• [Task details] In the entries that follow, find the line containing "Los directores Javier"; from there, copy every line exactly through the line containing "This data on".

• [Source data]

——

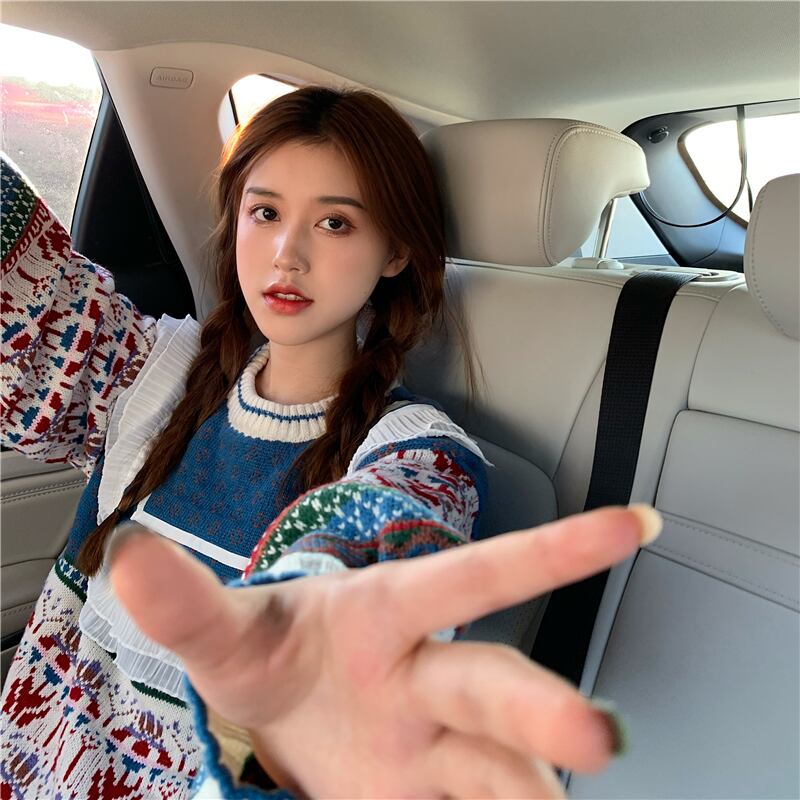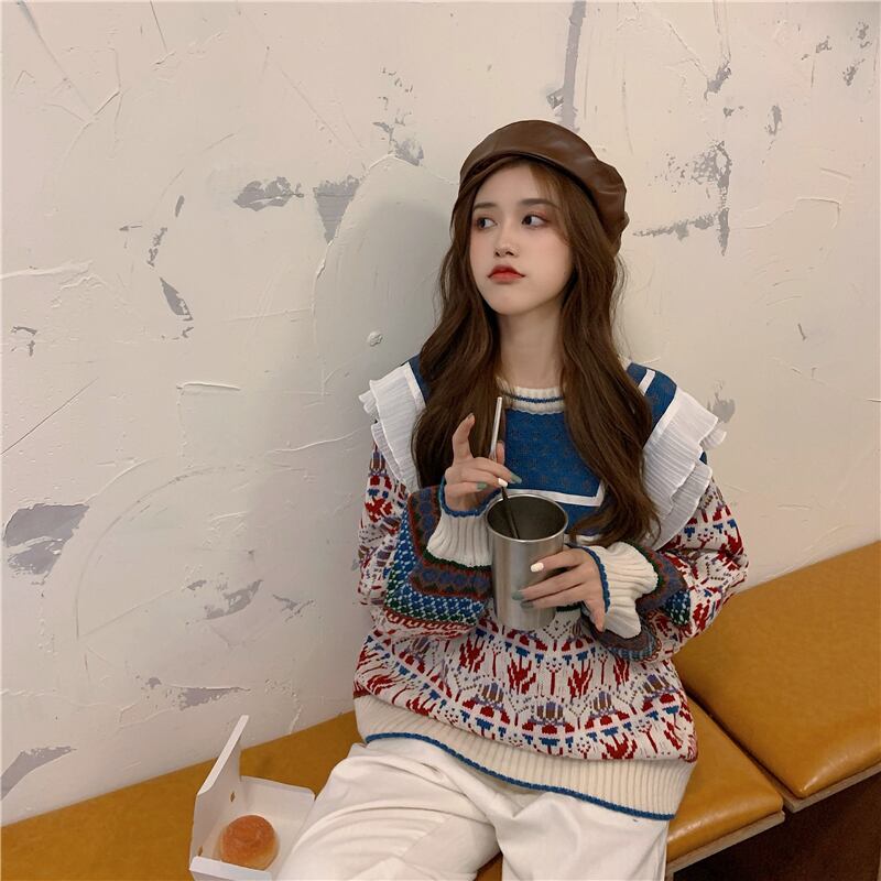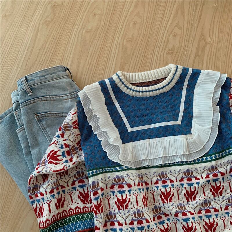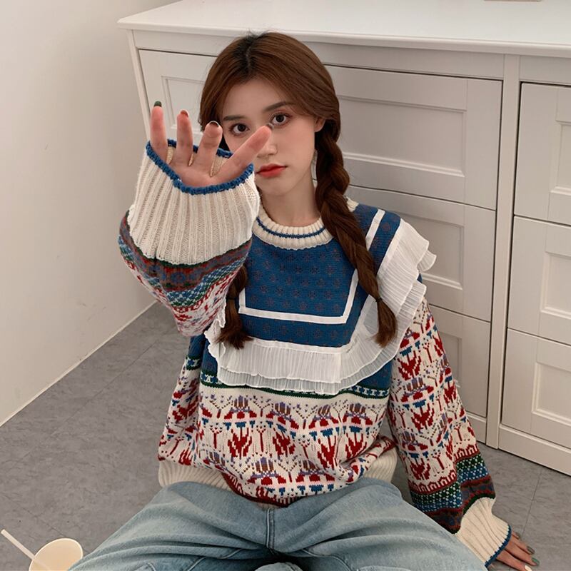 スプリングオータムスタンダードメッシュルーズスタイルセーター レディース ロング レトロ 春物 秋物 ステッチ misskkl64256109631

——

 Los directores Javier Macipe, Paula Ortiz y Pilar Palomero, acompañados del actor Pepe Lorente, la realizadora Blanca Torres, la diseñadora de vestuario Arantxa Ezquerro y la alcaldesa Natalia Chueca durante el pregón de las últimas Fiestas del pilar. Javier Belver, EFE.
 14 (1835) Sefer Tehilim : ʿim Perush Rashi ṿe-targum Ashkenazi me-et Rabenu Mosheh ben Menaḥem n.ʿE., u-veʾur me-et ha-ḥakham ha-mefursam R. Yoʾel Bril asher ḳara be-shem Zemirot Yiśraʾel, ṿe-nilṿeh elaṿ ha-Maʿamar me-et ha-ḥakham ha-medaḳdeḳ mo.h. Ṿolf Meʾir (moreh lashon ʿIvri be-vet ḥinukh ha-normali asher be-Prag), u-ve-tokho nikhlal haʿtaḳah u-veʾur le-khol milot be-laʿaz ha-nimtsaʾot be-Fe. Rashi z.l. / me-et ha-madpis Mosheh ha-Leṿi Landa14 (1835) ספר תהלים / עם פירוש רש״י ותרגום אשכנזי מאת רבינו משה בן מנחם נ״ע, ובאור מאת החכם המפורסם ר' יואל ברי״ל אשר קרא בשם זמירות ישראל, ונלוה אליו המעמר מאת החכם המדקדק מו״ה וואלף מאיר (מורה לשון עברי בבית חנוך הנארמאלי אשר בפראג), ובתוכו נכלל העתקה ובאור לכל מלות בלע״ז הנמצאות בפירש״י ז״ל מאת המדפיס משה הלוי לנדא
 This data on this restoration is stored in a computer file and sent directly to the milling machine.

——

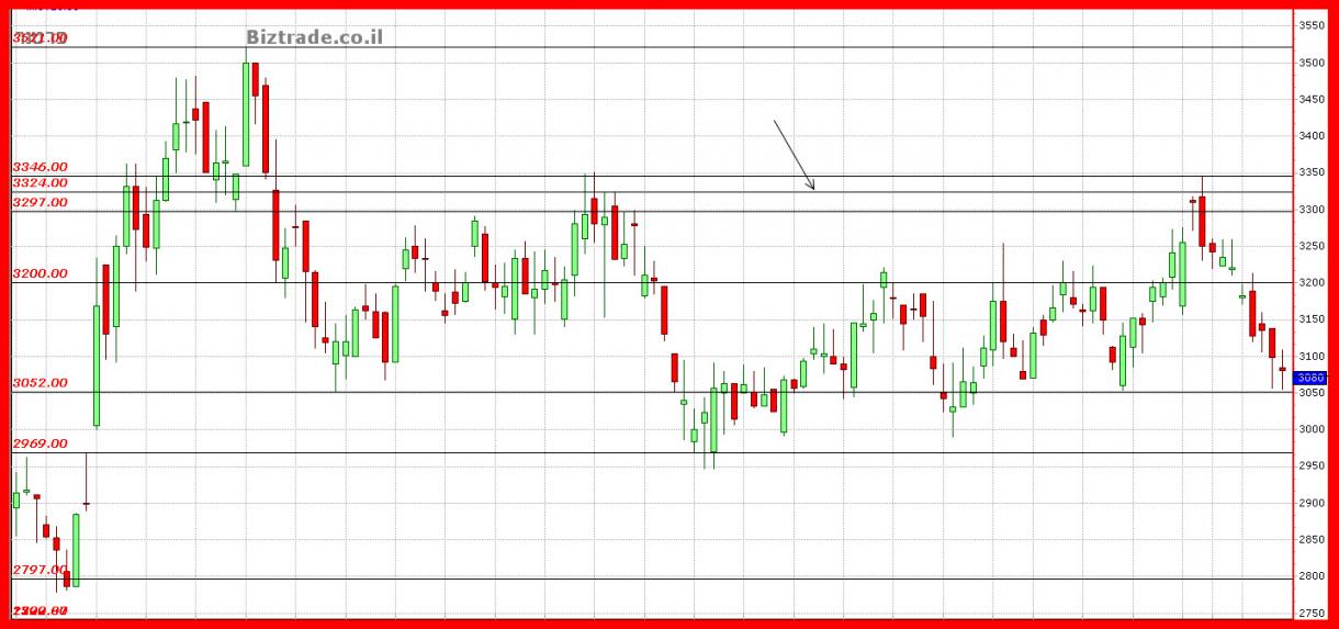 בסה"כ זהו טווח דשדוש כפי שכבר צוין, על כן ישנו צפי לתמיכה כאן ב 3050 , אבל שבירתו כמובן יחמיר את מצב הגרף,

——

• [Expected output]
 Los directores Javier Macipe, Paula Ortiz y Pilar Palomero, acompañados del actor Pepe Lorente, la realizadora Blanca Torres, la diseñadora de vestuario Arantxa Ezquerro y la alcaldesa Natalia Chueca durante el pregón de las últimas Fiestas del pilar. Javier Belver, EFE.
 14 (1835) Sefer Tehilim : ʿim Perush Rashi ṿe-targum Ashkenazi me-et Rabenu Mosheh ben Menaḥem n.ʿE., u-veʾur me-et ha-ḥakham ha-mefursam R. Yoʾel Bril asher ḳara be-shem Zemirot Yiśraʾel, ṿe-nilṿeh elaṿ ha-Maʿamar me-et ha-ḥakham ha-medaḳdeḳ mo.h. Ṿolf Meʾir (moreh lashon ʿIvri be-vet ḥinukh ha-normali asher be-Prag), u-ve-tokho nikhlal haʿtaḳah u-veʾur le-khol milot be-laʿaz ha-nimtsaʾot be-Fe. Rashi z.l. / me-et ha-madpis Mosheh ha-Leṿi Landa14 (1835) ספר תהלים / עם פירוש רש״י ותרגום אשכנזי מאת רבינו משה בן מנחם נ״ע, ובאור מאת החכם המפורסם ר' יואל ברי״ל אשר קרא בשם זמירות ישראל, ונלוה אליו המעמר מאת החכם המדקדק מו״ה וואלף מאיר (מורה לשון עברי בבית חנוך הנארמאלי אשר בפראג), ובתוכו נכלל העתקה ובאור לכל מלות בלע״ז הנמצאות בפירש״י ז״ל מאת המדפיס משה הלוי לנדא
 This data on this restoration is stored in a computer file and sent directly to the milling machine.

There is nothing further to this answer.